A 20-year-old playwright, Michael Sargent, who has been a member of playwright John Steppling's workshop since he was 17, has written two compelling one-acts, staged under the umbrella title of "Big Boy" at the Cast.

They deal with the pathology of sexual oppression (in "And a Honky Tonk Girl Says She Will") and the psyche of random, casual murder ("Big Boy"). The writing, the acting and Lee Kissman's staging are acutely calibrated, creating a tone that is curiously dreamlike and dangerous.
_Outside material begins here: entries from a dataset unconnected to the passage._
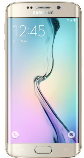
Chips von Dialog Semiconductor befinden sich in Produkten von Samsung.

Mit 2,6 Prozent ist die Aktie von Dialog Semiconductor im TSI Fonds gewichtet. Zuletzt hat der Chipentwickler die Anleger mit starken Zahlen überrascht. Der Umsatz kletterte gegenüber dem ersten Quartal 2014 um 41 Prozent auf 311 Millionen Dollar und übertraf damit die Ziele des Managements von 265 bis 300 Millionen Dollar um Längen. Neben dem starken Wachstum, das in großen Teilen auf den Erfolg des iPhones zurückzuführen ist, überzeugt vor allem die hohe Profitabilität. Die Bruttomarge kletterte auf 46 Prozent im ersten Quartal. Auch beim Gewinn lag Dialog weit über den Erwartungen. Statt 52,4 Millionen Dollar, wie die Analysten im Durchschnitt erwartet hatten, verdiente der Konzern 55,6 Millionen Dollar. Die Aktie stieg daraufhin um fast zehn Prozent auf ein Allzeithoch.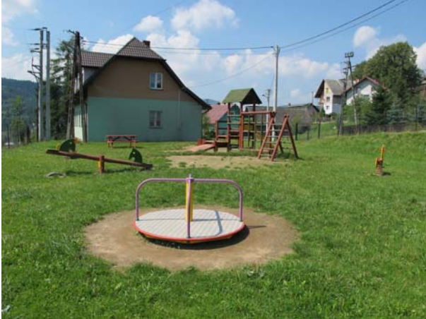
Plac zabaw w Andrzejówce

Młodzież i dzieci w naszej gminie nie mogą narzekać na realizację infrastruktury sportowej i rekreacyjnej. W ostatnim czasie (maj, czerwiec, lipiec) oddano do użytku kilka placów zabaw i obiektów sportowych. Nowy obiekt sportowy z placem zabaw otrzymały: Andrzejówka (obiekt przy szkole), Żegiestów (obiekt przy szkole podstawowej), Jastrzębik (obiekt przy szkole). Na realizację nowych obiektów sportowych i placów zabaw oczekują jeszcze: Powroźnik (boiska przy szkole), Szczawnik, Milik.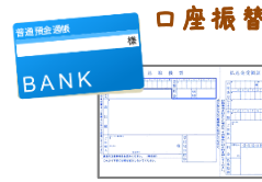
銀行振込・コンビニ収納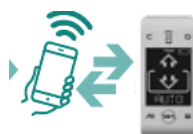
T-NCF Interface protocolo NFC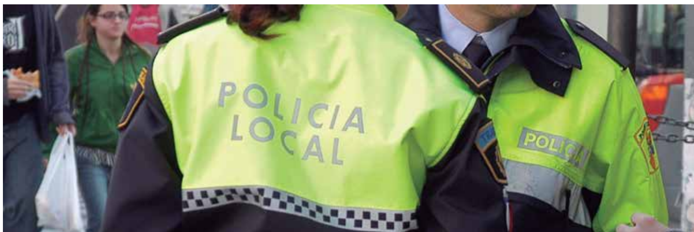
El Agente Tutor es un programa de la Policía Local, en colaboración con otros servicios municipales, que centra su actuación en el ámbito de la prevención y protección del menor

La acción preventiva es el arma más eficaz para enfrentarse al problema del consumo de drogas, sobre todo entre los más jóvenes, y el municipio es el lugar donde se puede desarrollar con mayor eficacia. Para ello, las Entidades Locales disponen de herramientas y de mecanismos como el Programa Agente Tutor, que la Delegación del Gobierno para el Plan Nacional sobre Drogas y la FEMP quieren extender al mayor número de Ayuntamientos posible.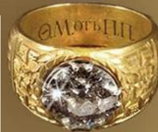
ЙӨЗЕК ( ПЕРСТЕНЬ)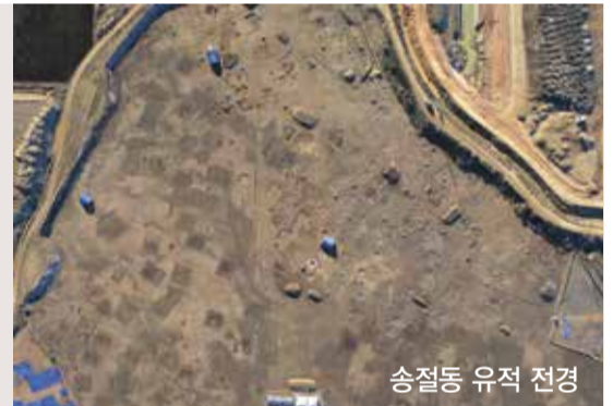
송절동 유적 전경

2005년 개원한 (재)한국선사문화연구원은 문화재 조사·연구 전문기관으로, 유적·유물의 역사적 의미를 학문적으로 체계화하기 위해 노력해 왔습니다.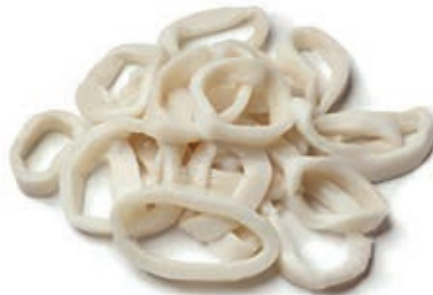
CPE365 ANELLI TOTANO ATL IQF GR 800 MAR FRIO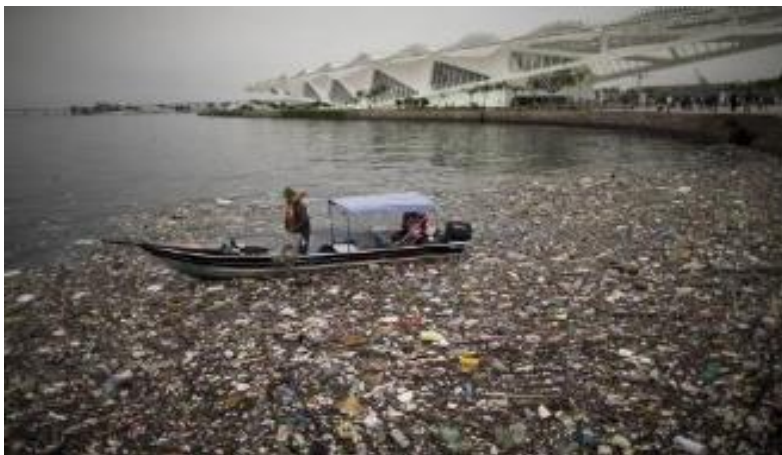
Figura 2: O lixo na orla e no mar

no aumento de gases poluentes; no desmatamento; na poluição das águas (rios e oceanos). Logo, se o modo de “usar” os recursos aquáticos oferecidos pelo planeta não mudar, o modo de vida como conhecemos irá acabar.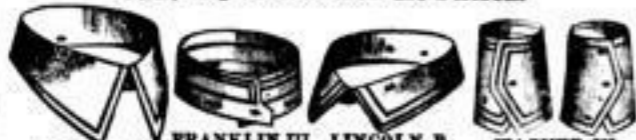
HERZOG III, Dtsd. M. 0.80. FRANKLIN III, Dtsd. M. 0.60. LINCOLN B, Dtsd. M. 0.65. WAGNER III, Dtsd.-Paar M. 1.20.

Mey's Stoffkragen sind keine Papierkragen, denn sie sind mit wirklichem Webstoff vollständig überzogen, haben also genau das Aussehen von Leinenkragen; sie erfüllen alle Anforderungen an Haltbarkeit, Billigkeit, Eleganz der Form, bequemes Sitzen und Passen.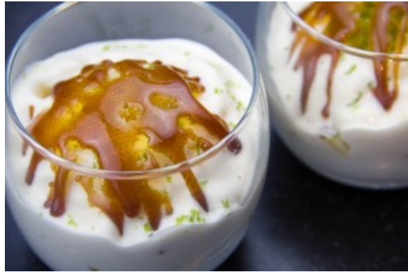
Coupe exotique et son anglaise aérienne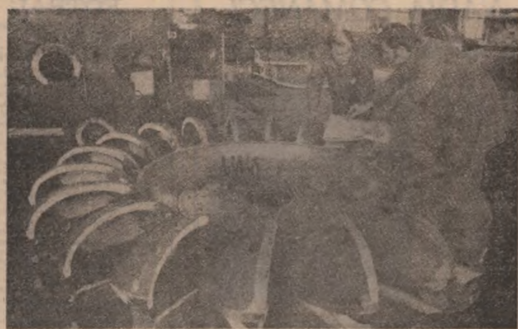
R.P. BULGARIA — Aspect din secția de turbine a uzinelor „Vavtorov” din Plevna, unde se produc compresoare mari, turbine hidrolice, pompe pentru sistemele de irigații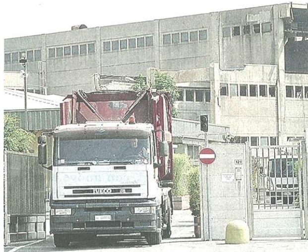
Il futuro dell'inceneritore Accam è una spina nel fianco di ogni amministrazione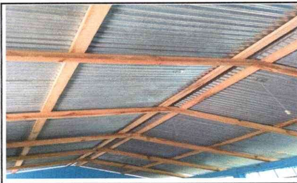
SUSTITUCION DE VIGA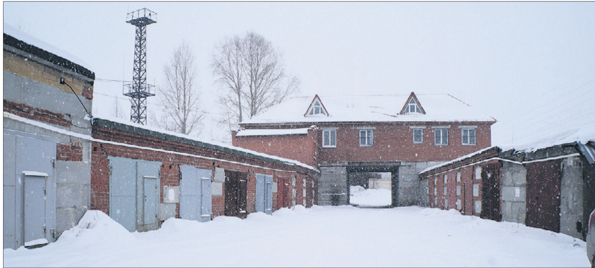
Гаражный кооператив «Сталь».

— 11 декабря я пришел на прием к начальнику УЖКХиС Марине Шолоховой. После этого к нам на место выезжали, взяли пробы во-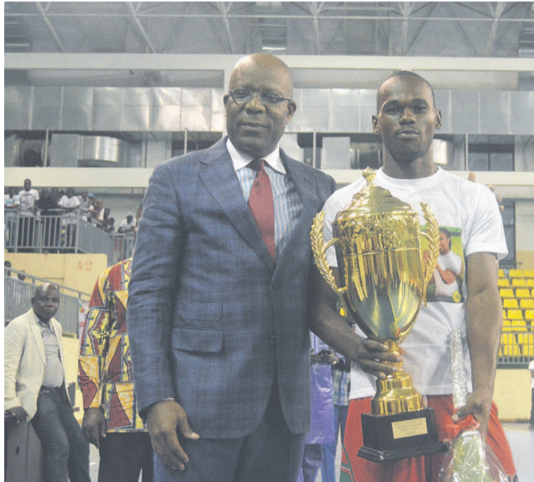
Le président de la Fecohand avec le capitaine de Caïman, équipe championne en hommes

En hommes, Caïman ne s'est pas fait prendre deux fois. Face à Inter Club qui les avait privés du titre national en 2015, les handballeurs de Caïman se sont vengés en empêchant l'équipe adverse de rééditer l'exploit, d'il y a deux ans. Le sacre du champion n'a pas été facile pour autant. Le score final en témoigne d'ailleurs : (22-21) en faveur de

The accomplishments here are pristine and strangely poetic, rather like swimming underwater. On the surface, the intent points to a haunting vision of America. But the material goes beyond any particular shoreline.

This young playwright has a voice that is his own. The melancholy violence in these plays evidences a control and a sultry, numbing tension that transfixes even as it repels.

Actress Arizona Brooks (who suggests a very young Marilyn Monroe) is the "Honky Tonk Girl," actually an innocent in a sleazeball machismo world. Her performance has the power to linger in your unconscious. The contributions of five co-actors, notably Diane DeFoe's unspoken wretchedness and Michael Collins' grossness, are keenly etched.

The second play is less gripping by degrees because it is unnecessarily repetitive and the central character, a semi-dazed, emotionally paralyzed sociopath (Gill Gayle), is more a freak of violence than empathic. Sharron Shayne's Gypsy character who packs a suitcase full of dildos is scabrous in a strong 11-member cast.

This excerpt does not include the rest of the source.